**WHAT YOU SHOULD DO**: Your output must hold every entry exactly as written and none of the pictures.

Collection entries:
Segment Open

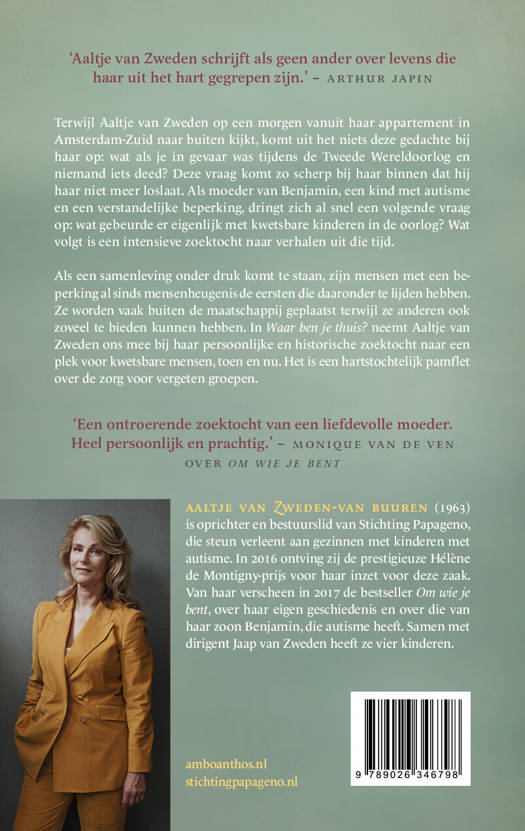 Waar ben je thuis? van Aaltje van Zweden is een urgent en ontroerend boek dat niemand mag missen. Terwijl Aaltje van Zweden op een morgen in Amsterdam naar buiten kijkt, komt er ineens een gedachte bij haar op: wat als je in gevaar bent en niemand wat doet? Ze heeft zich dat nog nooit eerder afgevraagd. Aaltje begrijpt niet helemaal waarom dit zo scherp binnenkomt en besluit op onderzoek te gaan. Het blijkt dat er vanuit de woning waar ze tijdelijk woont tijdens de Tweede Wereldoorlog een Joodse familie is gedeporteerd en vermoord.
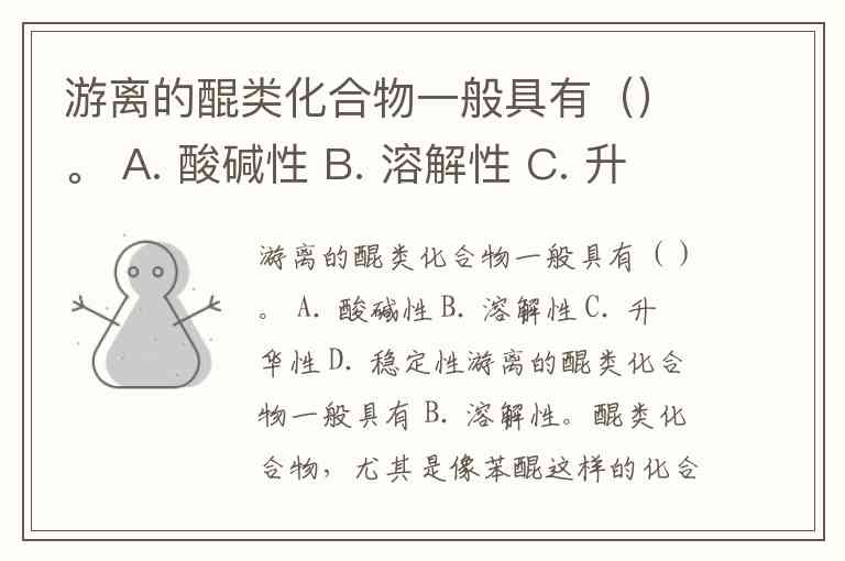 游离的醌类化合物一般具有()。 A. 酸碱性 B. 溶解性 C. 升华性 D. 稳定性
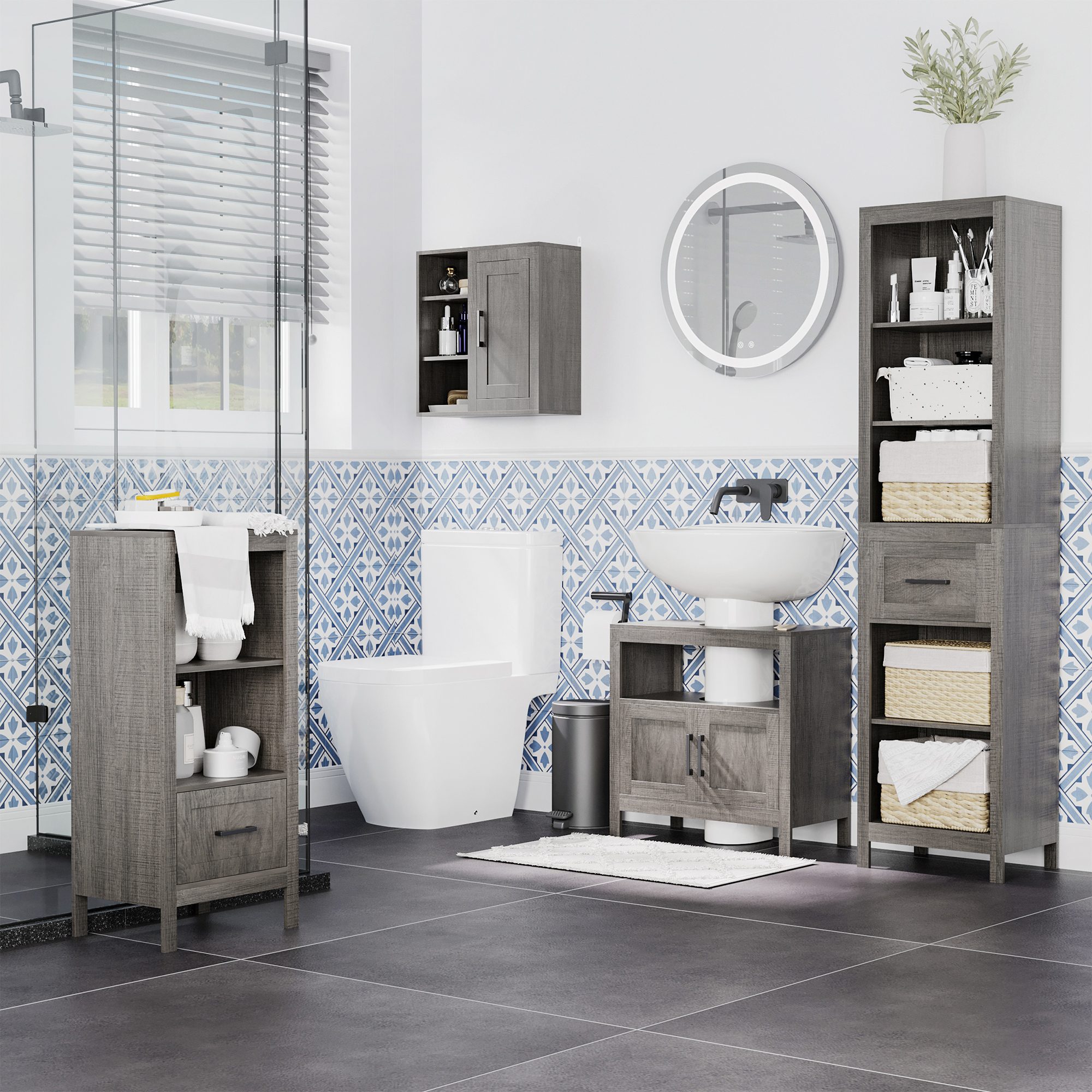 If you need more storage space in your bathroom so you don’t have to store half your stuff in the bathroom and half in the hall this bathroom cabinet from [BRAND NAME] will be your storage-saving grace. This cabinet can store shower accessories, toilet paper, and towels all in a spot. It’s compact enough not to take up much floor space because it goes under the sink. Take back your bathroom space and stop doing the math about what will fit with this floor bathroom cabinet from [BRAND NAME].
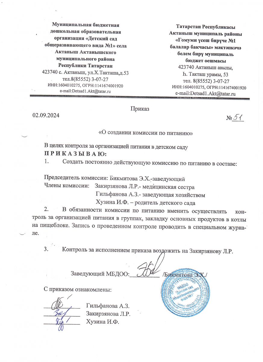 Приказ "О создании комиссии по питанию" №51 от 02.09.2024 г.
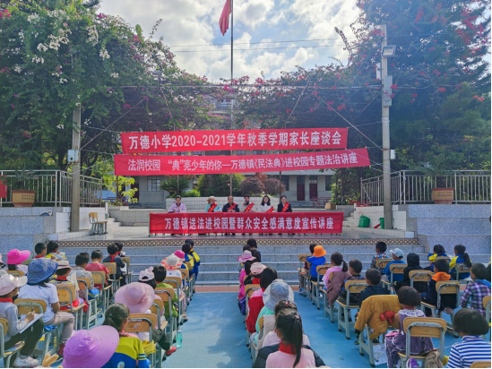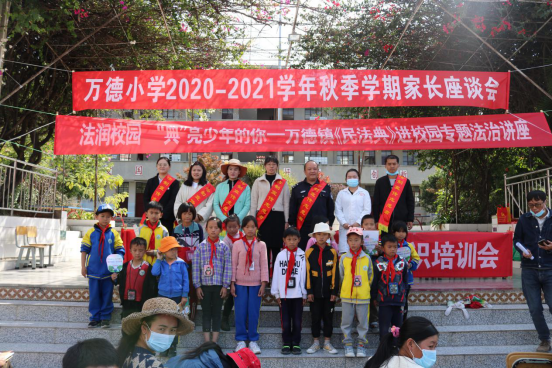 为贯彻落实习近平总书记关于“把《中华人民共和国民法典》纳入国民教育体系,加强对青少年《中华人民共和国民法典》教育”的重要讲话精神,进一步增强青少年的法律意识。11月13日,万德镇普法小分队到万德小学为600余名师生和家长上了一堂题为《法润校园,‘典’亮少年的你》的法治课,万德小学法治副校长尹丽给在场同学带来了一场“专属”孩子们的《中华人民共和国民法典》法治课。
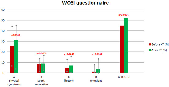 All participants from the instability group (n = 30) completed a functional self-assessment using the WOSI questionnaire. The overall score from the survey was an average of 45% before KT therapy and 52% after therapy (Figure 4). The results improved in each question group, with all differences being were statistically significant (Figure 4).
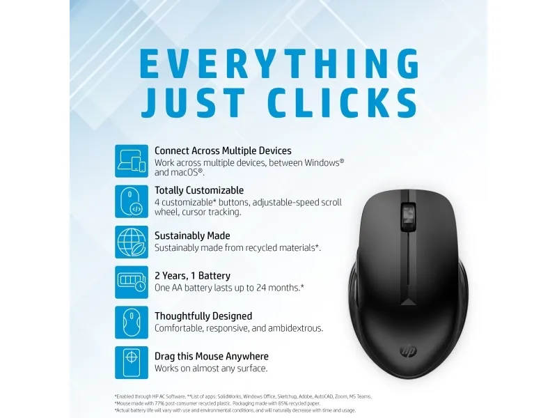 HP 435 - hiiri - monilaitteinen - 2.4 GHz, Bluetooth 5.2

Segment Closed

**SOLUTION BELOW**:
 Waar ben je thuis? van Aaltje van Zweden is een urgent en ontroerend boek dat niemand mag missen. Terwijl Aaltje van Zweden op een morgen in Amsterdam naar buiten kijkt, komt er ineens een gedachte bij haar op: wat als je in gevaar bent en niemand wat doet? Ze heeft zich dat nog nooit eerder afgevraagd. Aaltje begrijpt niet helemaal waarom dit zo scherp binnenkomt en besluit op onderzoek te gaan. Het blijkt dat er vanuit de woning waar ze tijdelijk woont tijdens de Tweede Wereldoorlog een Joodse familie is gedeporteerd en vermoord.
 游离的醌类化合物一般具有()。 A. 酸碱性 B. 溶解性 C. 升华性 D. 稳定性
 If you need more storage space in your bathroom so you don’t have to store half your stuff in the bathroom and half in the hall this bathroom cabinet from [BRAND NAME] will be your storage-saving grace. This cabinet can store shower accessories, toilet paper, and towels all in a spot. It’s compact enough not to take up much floor space because it goes under the sink. Take back your bathroom space and stop doing the math about what will fit with this floor bathroom cabinet from [BRAND NAME].
 Приказ "О создании комиссии по питанию" №51 от 02.09.2024 г.
 为贯彻落实习近平总书记关于“把《中华人民共和国民法典》纳入国民教育体系,加强对青少年《中华人民共和国民法典》教育”的重要讲话精神,进一步增强青少年的法律意识。11月13日,万德镇普法小分队到万德小学为600余名师生和家长上了一堂题为《法润校园,‘典’亮少年的你》的法治课,万德小学法治副校长尹丽给在场同学带来了一场“专属”孩子们的《中华人民共和国民法典》法治课。
 All participants from the instability group (n = 30) completed a functional self-assessment using the WOSI questionnaire. The overall score from the survey was an average of 45% before KT therapy and 52% after therapy (Figure 4). The results improved in each question group, with all differences being were statistically significant (Figure 4).
 HP 435 - hiiri - monilaitteinen - 2.4 GHz, Bluetooth 5.2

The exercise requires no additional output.